More is more. Or is it?
In full disclosure, I am a striver. I’m happiest when I’m working toward something — whether it’s a new work idea, business goal, or household project. I have generally thought this was one of the better parts of my personality, and yet, if I’m honest, there’s an underbelly to it. I’m rarely, if ever, satisfied.
I’m in good company. In her must-read book, Daring Greatly, researcher Brené Brown calls this phenomenon the culture of scarcity. From the moment we awake, our first thoughts are of what’s lacking: that we didn’t get enough sleep, or we’re late for work, or behind on a project. Brown writes, “Scarcity is the ‘never enough’ problem…Scarcity thrives in a culture where everyone is hyperaware of lack. Everything from safety and love to money and resources feels restricted or lacking.”
All too often, our self-worth is attached to what we achieve, produce, or accumulate. Our fix is to work harder. And we do. Americans work more hours now than at any other point in our country’s history. (For a preview of what may lie ahead, look at Japan, where they are literally dying from overwork. Termed karoshi, it’s inspired a national health campaign.)

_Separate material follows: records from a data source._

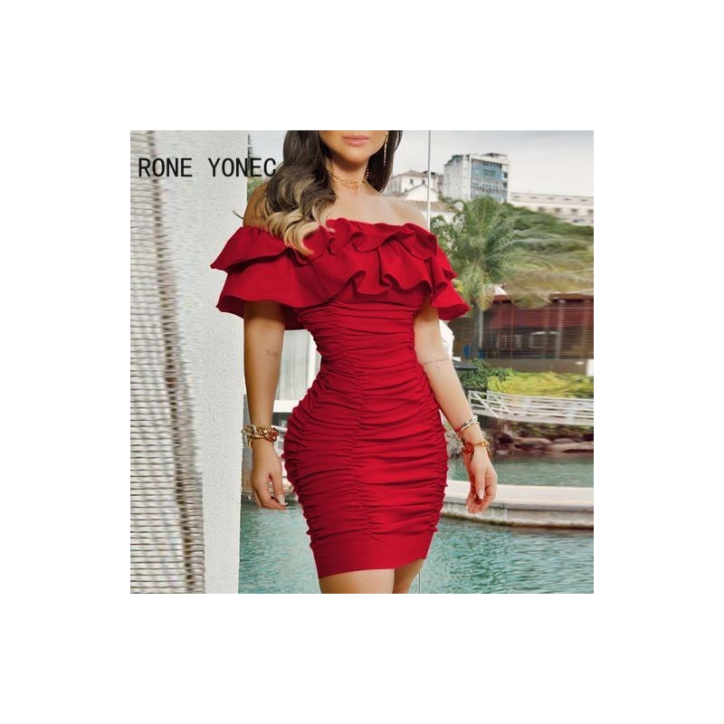 Elegáns női, váll nélkül, fodros szegély, összecsukható mini Bodycon partiruhák
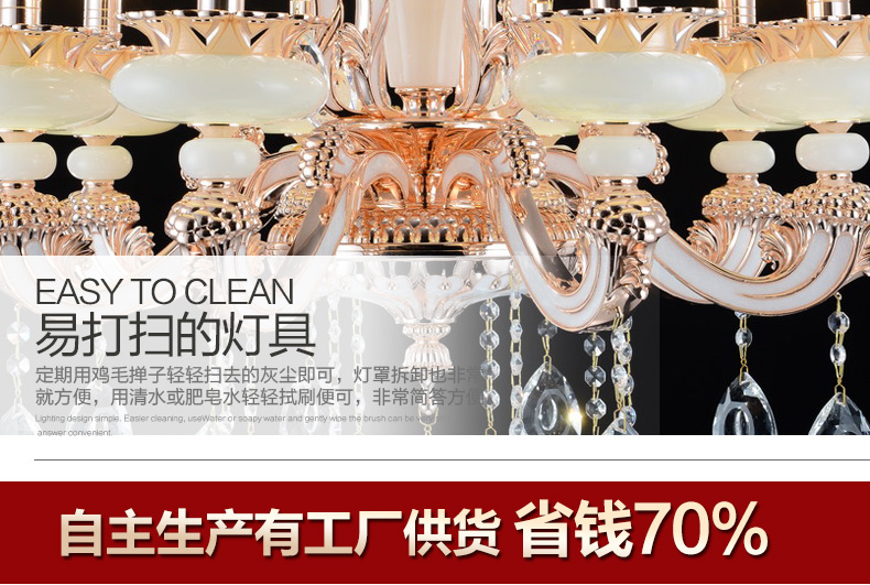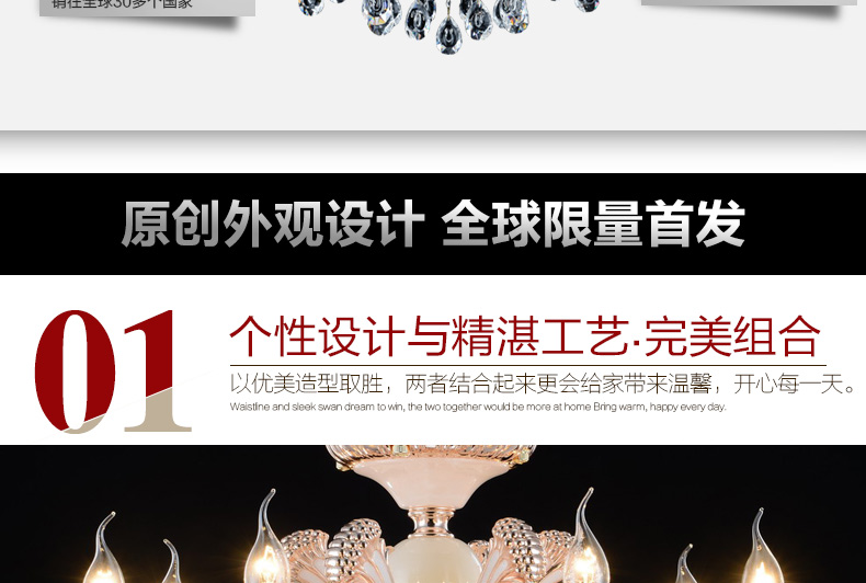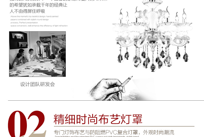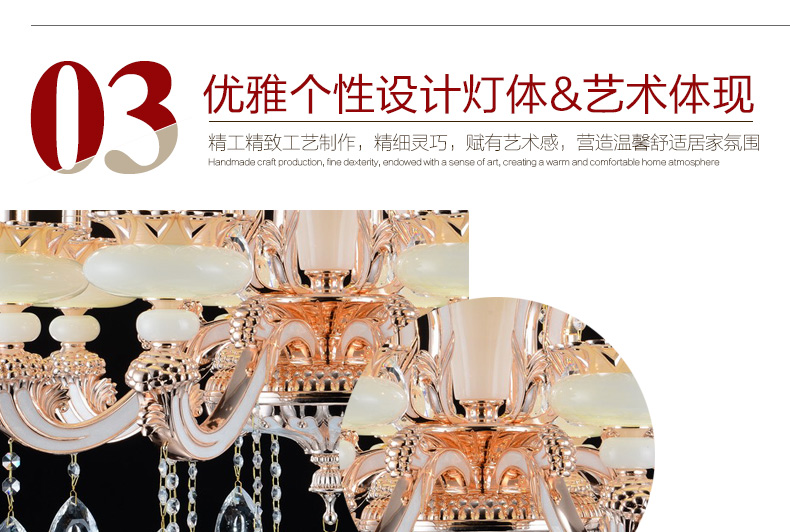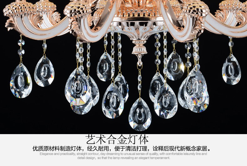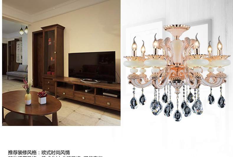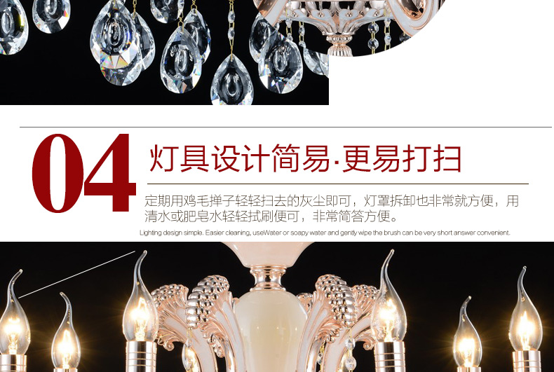 蜡烛水晶吊灯体现出欧式皇家风格,给人一种尊贵的气质;加上晶莹剔透的水晶,更显得富丽堂皇,在简化欧式风格后更适合现代家居装修格调,应用范围广泛。
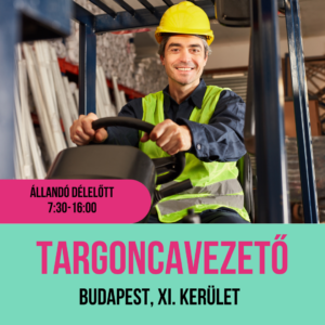 Stabil, hosszú távú munkalehetőséget kínálunk targoncavezető pozícióban! Munkaidő: Feladatok: Elvárások: Amit kínálunk: Ha szereted a pörgős, mégis kiszámítható munkát, és van tapasztalatod targoncázásban, várjuk jelentkezésed!
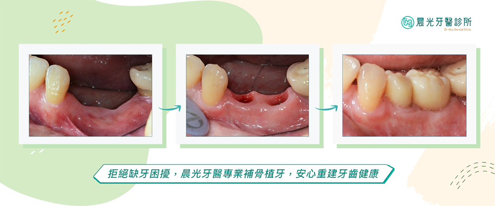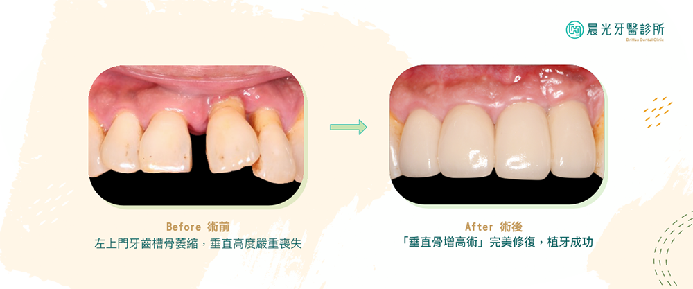 如果這類患者未即時處理,骨質會持續流失,導致牙冠比例不佳、植牙困難。然⽽,透過垂直骨增⾼術,可以有效補骨,讓患者重新獲得植牙的機會。
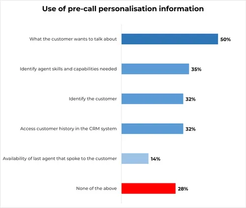 Only a minority even identify the customer fully pre-call, and very few try to find the agent who last spoke to them. More than one-quarter of contact centres have their agents go into a call with no idea whatsoever who the customer is or what they want to talk about.

We’ve heard repeatedly that more work doesn’t bring happiness. Study after study shows that money, after getting above the line of self-sufficiency, does not improve life satisfaction. Fulfilling relationships, doing for others, a well-rounded life, and creative outlets all do.
Yet busyness lures us. A fellow entrepreneur and I were talking about this very topic, and pondering how much is enough. She shared this sentiment and it stuck for me: “the work is infinite, but your time is finite.” The tension between what you can do and what you should do will never go away, only your mindset can change.

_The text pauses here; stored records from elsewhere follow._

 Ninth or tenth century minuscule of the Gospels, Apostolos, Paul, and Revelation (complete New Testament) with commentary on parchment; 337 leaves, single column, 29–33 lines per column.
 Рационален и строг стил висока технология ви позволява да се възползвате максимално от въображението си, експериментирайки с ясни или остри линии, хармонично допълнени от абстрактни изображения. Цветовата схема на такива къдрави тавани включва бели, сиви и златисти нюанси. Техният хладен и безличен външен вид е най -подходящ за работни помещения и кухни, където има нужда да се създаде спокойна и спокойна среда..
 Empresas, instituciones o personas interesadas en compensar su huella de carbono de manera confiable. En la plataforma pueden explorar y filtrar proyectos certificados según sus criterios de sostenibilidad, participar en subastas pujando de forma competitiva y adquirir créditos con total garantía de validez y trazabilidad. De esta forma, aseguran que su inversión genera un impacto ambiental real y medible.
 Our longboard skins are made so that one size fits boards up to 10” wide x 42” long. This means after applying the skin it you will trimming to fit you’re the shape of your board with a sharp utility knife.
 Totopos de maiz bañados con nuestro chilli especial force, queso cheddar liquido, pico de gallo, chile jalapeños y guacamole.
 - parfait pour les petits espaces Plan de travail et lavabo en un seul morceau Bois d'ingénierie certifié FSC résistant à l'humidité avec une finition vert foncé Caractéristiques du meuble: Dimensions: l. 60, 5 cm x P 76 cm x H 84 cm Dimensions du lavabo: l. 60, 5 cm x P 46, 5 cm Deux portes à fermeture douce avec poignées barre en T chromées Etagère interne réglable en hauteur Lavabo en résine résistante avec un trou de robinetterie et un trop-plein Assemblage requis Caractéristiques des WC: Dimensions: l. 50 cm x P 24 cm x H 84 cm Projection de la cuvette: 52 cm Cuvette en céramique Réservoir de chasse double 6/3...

So how do you determine when to be satisfied? Here’s what been helpful for me.
- Set an intention of enough. When you find yourself clamoring for the next promotion, sending one more email, or bringing on another client, make sure you’re doing it for positive reasons and not from a place of scarcity. It’s easy to mindlessly go through the motions without thinking through the outcomes. For every action, there’s a reaction — so choose wisely.
- When in doubt about an action, ask yourself: “For the sake of what?” This is a powerful question that forces us to examine the root causes of our behavior. With my coaching clients and myself, I’m amazed at how often the answer is: I have no idea.

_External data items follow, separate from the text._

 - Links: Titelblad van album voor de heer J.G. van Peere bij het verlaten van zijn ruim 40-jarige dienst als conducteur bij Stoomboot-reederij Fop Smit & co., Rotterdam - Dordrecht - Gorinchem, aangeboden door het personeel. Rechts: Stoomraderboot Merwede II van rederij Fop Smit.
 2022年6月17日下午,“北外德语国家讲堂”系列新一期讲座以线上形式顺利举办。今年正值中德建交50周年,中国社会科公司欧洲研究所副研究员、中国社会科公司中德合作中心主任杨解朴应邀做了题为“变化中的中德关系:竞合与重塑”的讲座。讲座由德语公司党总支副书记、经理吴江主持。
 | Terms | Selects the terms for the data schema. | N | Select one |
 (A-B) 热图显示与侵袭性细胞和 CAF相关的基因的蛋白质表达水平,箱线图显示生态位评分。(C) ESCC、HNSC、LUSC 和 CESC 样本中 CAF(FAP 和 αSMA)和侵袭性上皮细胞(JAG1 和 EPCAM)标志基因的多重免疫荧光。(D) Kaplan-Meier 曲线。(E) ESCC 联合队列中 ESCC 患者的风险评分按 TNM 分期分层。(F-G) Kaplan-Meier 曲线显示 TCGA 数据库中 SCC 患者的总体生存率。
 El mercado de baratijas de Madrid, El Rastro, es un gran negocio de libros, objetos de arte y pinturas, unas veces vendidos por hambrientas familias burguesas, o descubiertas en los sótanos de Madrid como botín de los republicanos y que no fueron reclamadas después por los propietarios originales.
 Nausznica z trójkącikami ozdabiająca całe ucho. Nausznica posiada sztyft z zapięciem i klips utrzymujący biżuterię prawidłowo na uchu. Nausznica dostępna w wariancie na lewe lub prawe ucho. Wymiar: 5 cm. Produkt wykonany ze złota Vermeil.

- Have a regular personal strategy session to determine your goals for your career and your goals for your life. This doesn’t have to be an expansive process — one hour of thoughtful reflection can do wonders. Just be sure to hold this time at least once every year. We are often in complete conflict, i.e. I want to make double the money and have a more fulfilling family life. When you line them up, the contrast can be stark.
All this being said, I’m still glad I have a fire in my belly about my work and my life. Yet, I know for certain that there’s good ambition and unhealthy ambition. I’m still striving, but striving to stay on ambition’s good side.